ASSIGNMENT |
What is wanted is every line below from the one with "4. Педагог-психолог:оқу жылы" up to and including the one with "και την Ομοσπονδία", retyped exactly, pictures excluded, nothing else.

Items from a dataset |
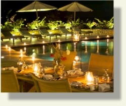The dining tables are dressed in pale green linen and highlighted with sprays of white and pink orchids and flickering candle light. A small orchestra serenades guests while a gourmet meal that will tease the appetite and treat the palate is served.
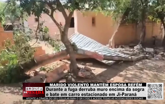 MARIDO VIOLENTO MANTÉM ESPOSA REFÉM – Durante fuga derruba muro na sogra e bate em carro estacionado em Ji-Paraná - Vídeo
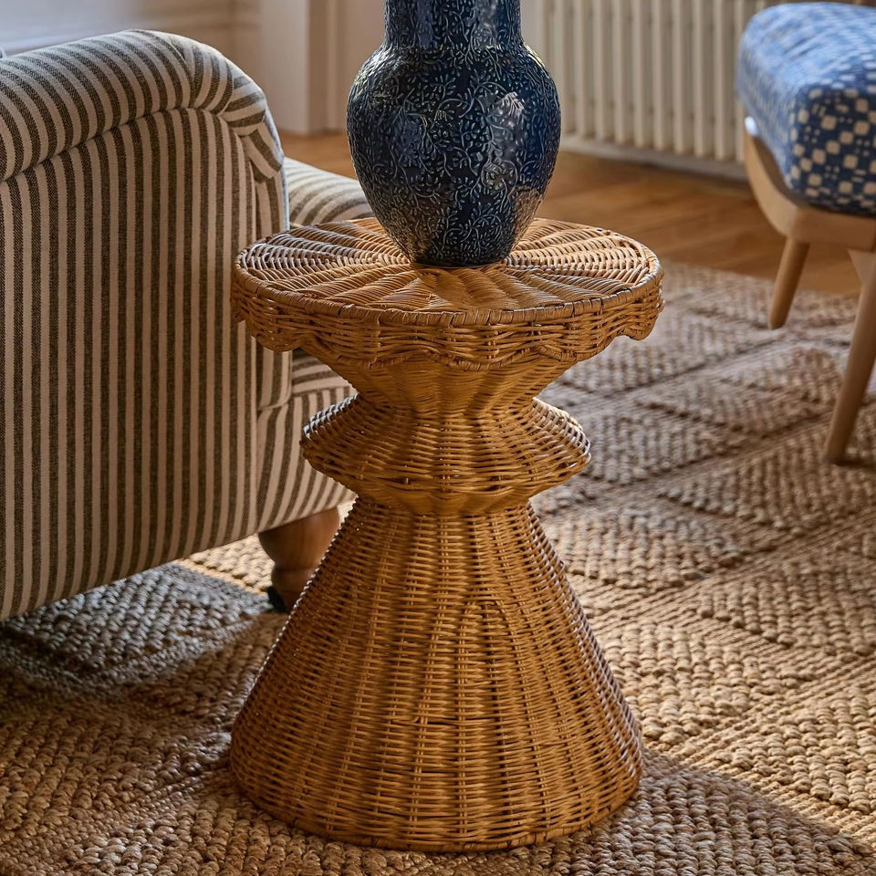 Hermosa mesa auxiliar de ratán con borde festoneado hecha a mano en Vietnam – Nuevo diseño, calidad premium, precio de mayoreo.
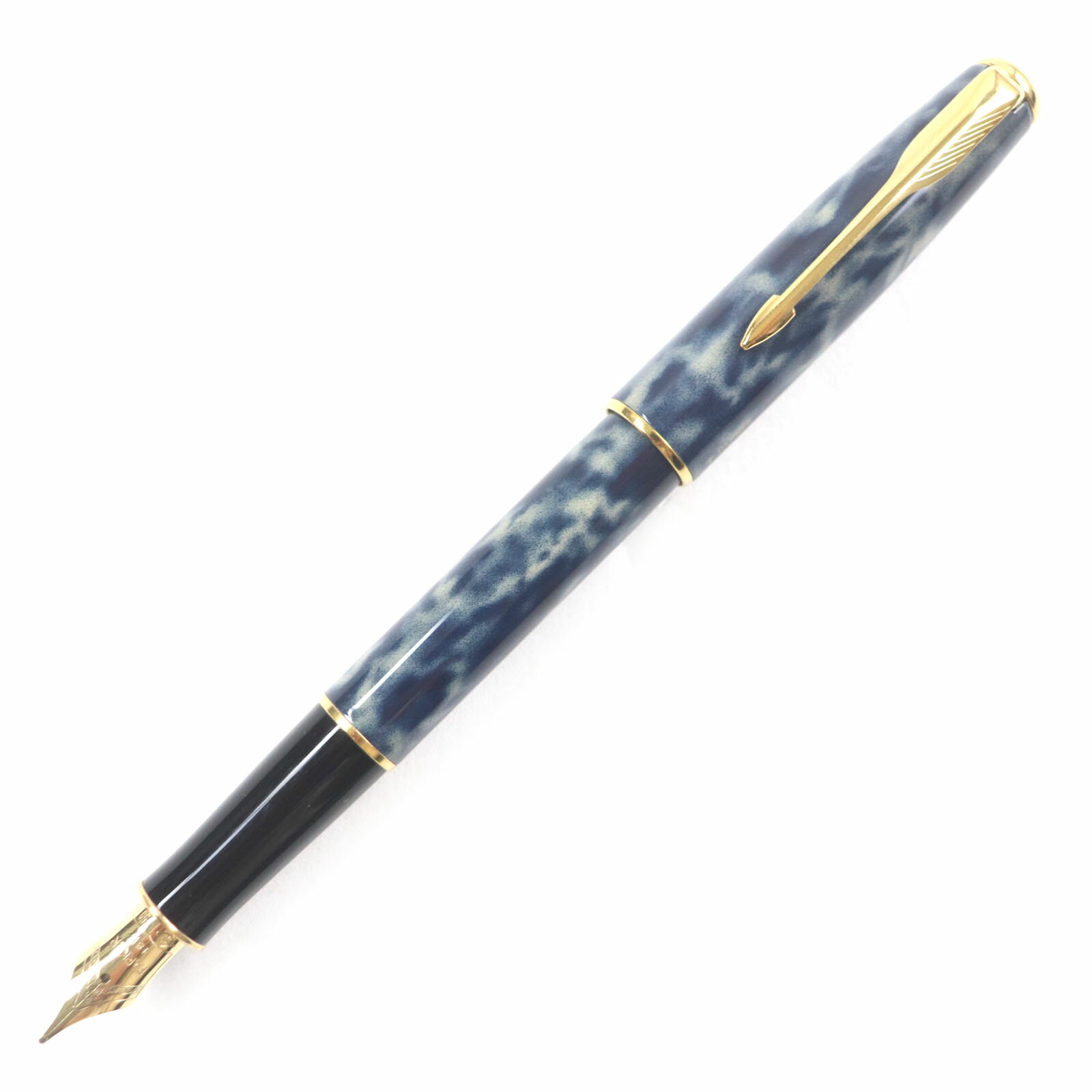 極美品▼PARKER パーカー デュオ フォールド 18K マーブル ブルー インターナショナル 万年筆 ネイビー ブラック ゴールド 英国製 メンズ【中古】
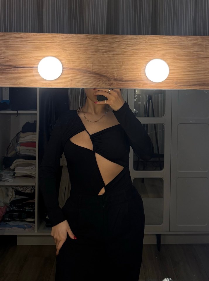 Siyah pencereli bodysuit
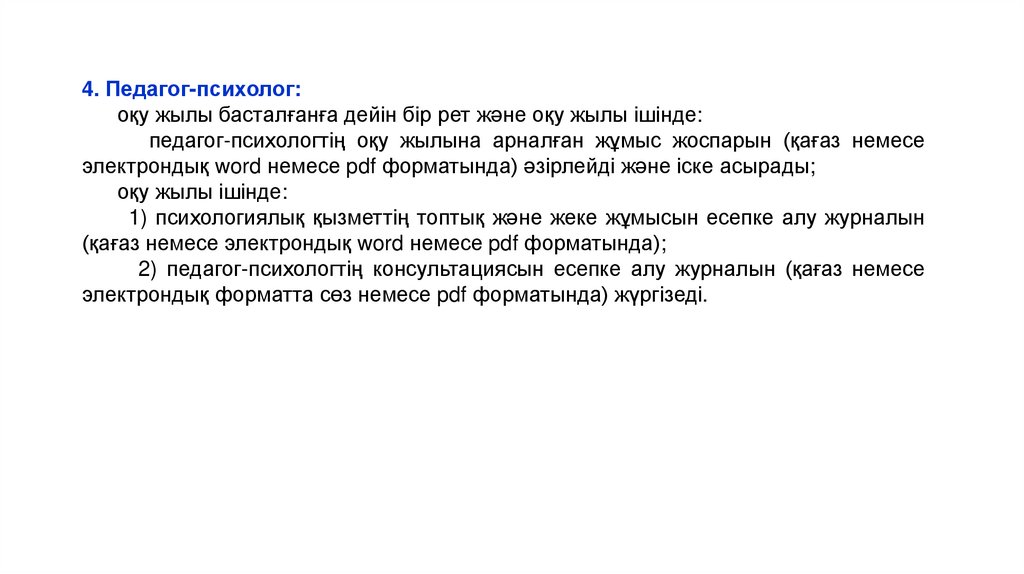 4. Педагог-психолог:оқу жылы басталғанға дейін бір рет және оқу жылы ішінде:
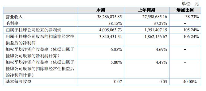 報(bào)告期內(nèi),公司實(shí)現(xiàn)營(yíng)業(yè)總收入3,828.69萬元,較上年同期增長(zhǎng)38.73%;實(shí)現(xiàn)凈利潤(rùn)400.04萬元。?
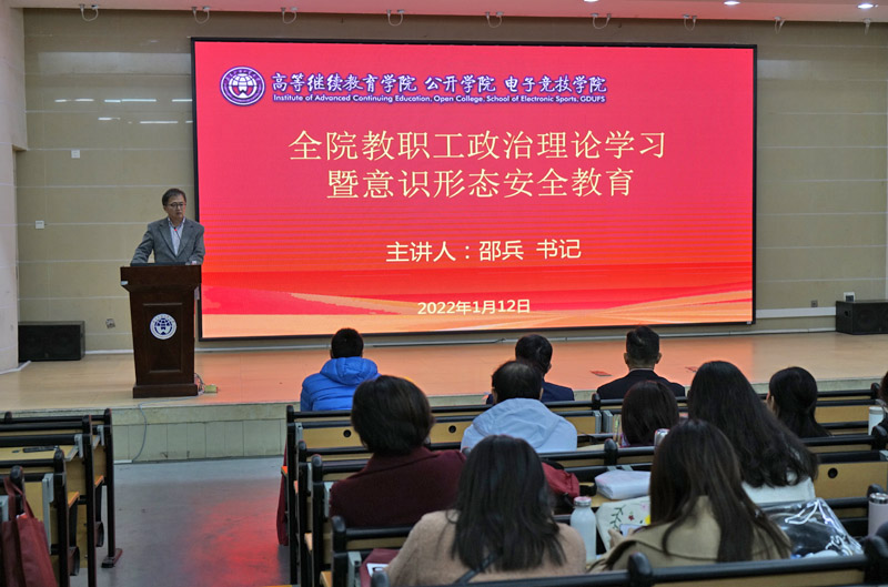本网讯 1月12日下午3:00,学院在白云湖校区学术报告厅召开全院教职工政治理论学习暨意识形态安全教育会议,学院领导班子及全体教职员工参加。会议由学院党委书记邵兵主持。
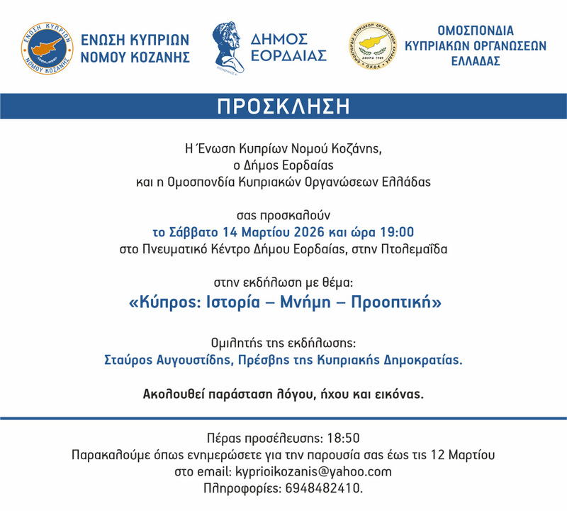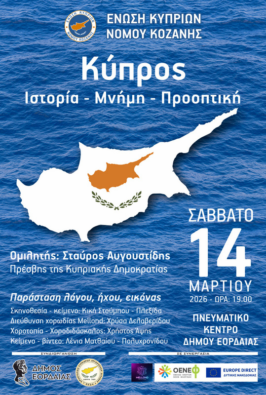 και την Ομοσπονδία Κυπριακών Οργανώσεων Ελλάδας, διοργανώνει το Σάββατο 14 Μαρτίου 2026 και ώρα 19.00 στο Πνευματικό Κέντρο Δήμου Εορδαίας εκδήλωση με θέμα «Κύπρος: Ιστορία, Μνήμη, Προοπτική».
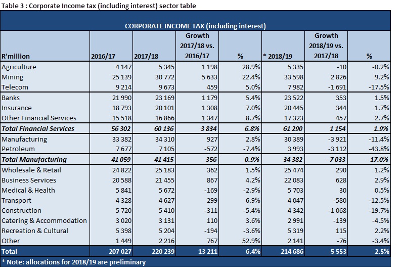 - Company Income Tax (CIT) collections contracted by 2.5%, the contraction is on the back of a significant number of CIT refunds which were paid to the large business segment and relate to multiple periods that were under audit review, as well as the continued efforts to clear the IT credit book. Furthermore, the continuing power cuts imposed by the utility company also contributed to the decline as business activities and company operations were severely affected thus affecting their profitability.
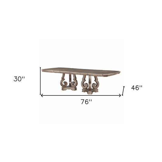 76" Champagne Solid Wood Double Pedestal Base Dining Table
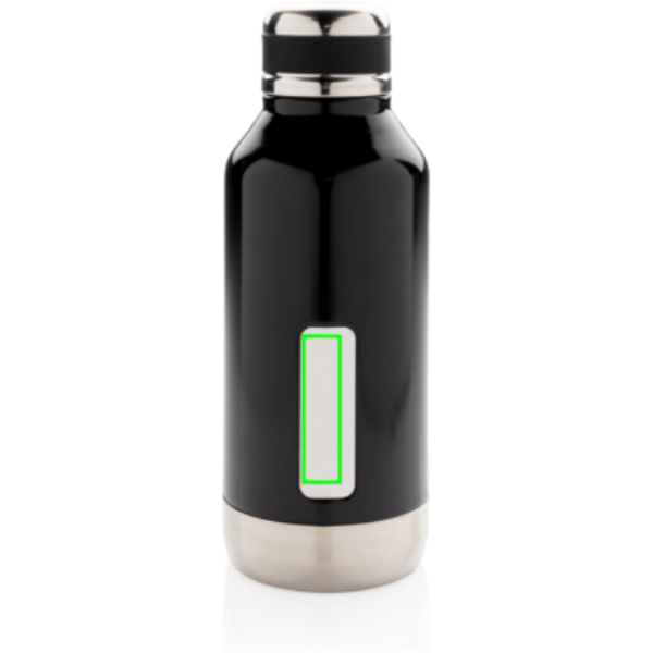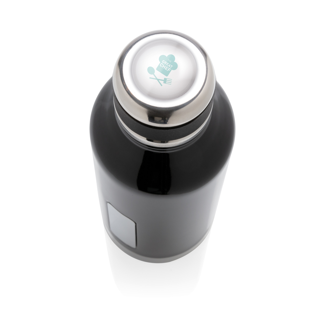 Leakproof vacuum insulated bottle with twist off lid. With unique logo position on the front. 304 stainless steel inner and 201 stainless steel outer keeps your drinks hot 5h and cold 15h. Content: 500ml.
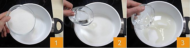 Um den Fondantzucker herzustellen, beginnen Sie damit, einen kleinen Topf auf das Feuer zu setzen und den Kristallzucker 1 zusammen mit dem Wasser 2 und der Glukose 3 zu schmelzen.
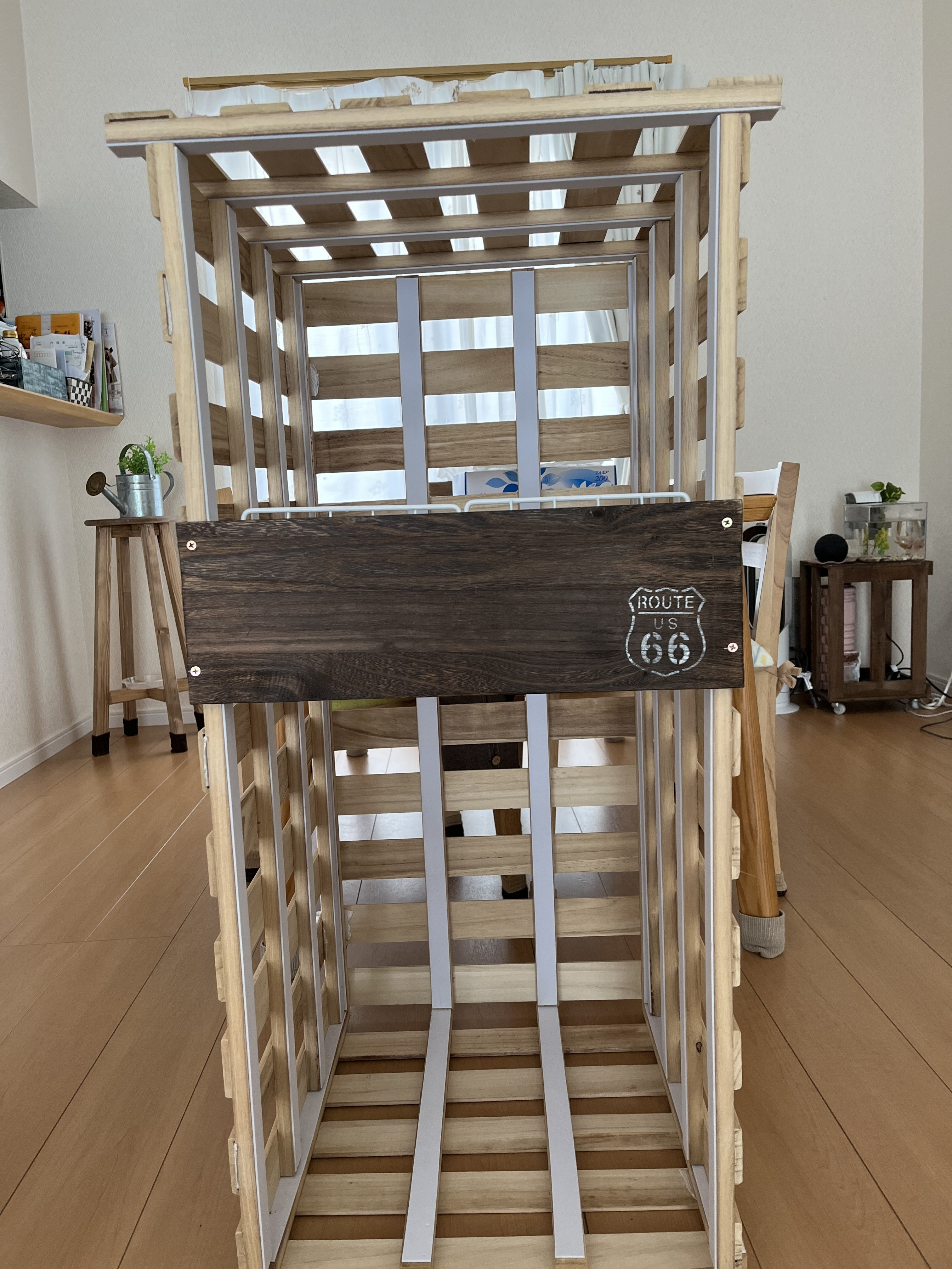 この写真は二段ですが、四段にして引き出しをつけようか検討してます。

EXERCISE ANSWER |
 4. Педагог-психолог:оқу жылы басталғанға дейін бір рет және оқу жылы ішінде:
 報(bào)告期內(nèi),公司實(shí)現(xiàn)營(yíng)業(yè)總收入3,828.69萬元,較上年同期增長(zhǎng)38.73%;實(shí)現(xiàn)凈利潤(rùn)400.04萬元。?
本网讯 1月12日下午3:00,学院在白云湖校区学术报告厅召开全院教职工政治理论学习暨意识形态安全教育会议,学院领导班子及全体教职员工参加。会议由学院党委书记邵兵主持。
 και την Ομοσπονδία Κυπριακών Οργανώσεων Ελλάδας, διοργανώνει το Σάββατο 14 Μαρτίου 2026 και ώρα 19.00 στο Πνευματικό Κέντρο Δήμου Εορδαίας εκδήλωση με θέμα «Κύπρος: Ιστορία, Μνήμη, Προοπτική».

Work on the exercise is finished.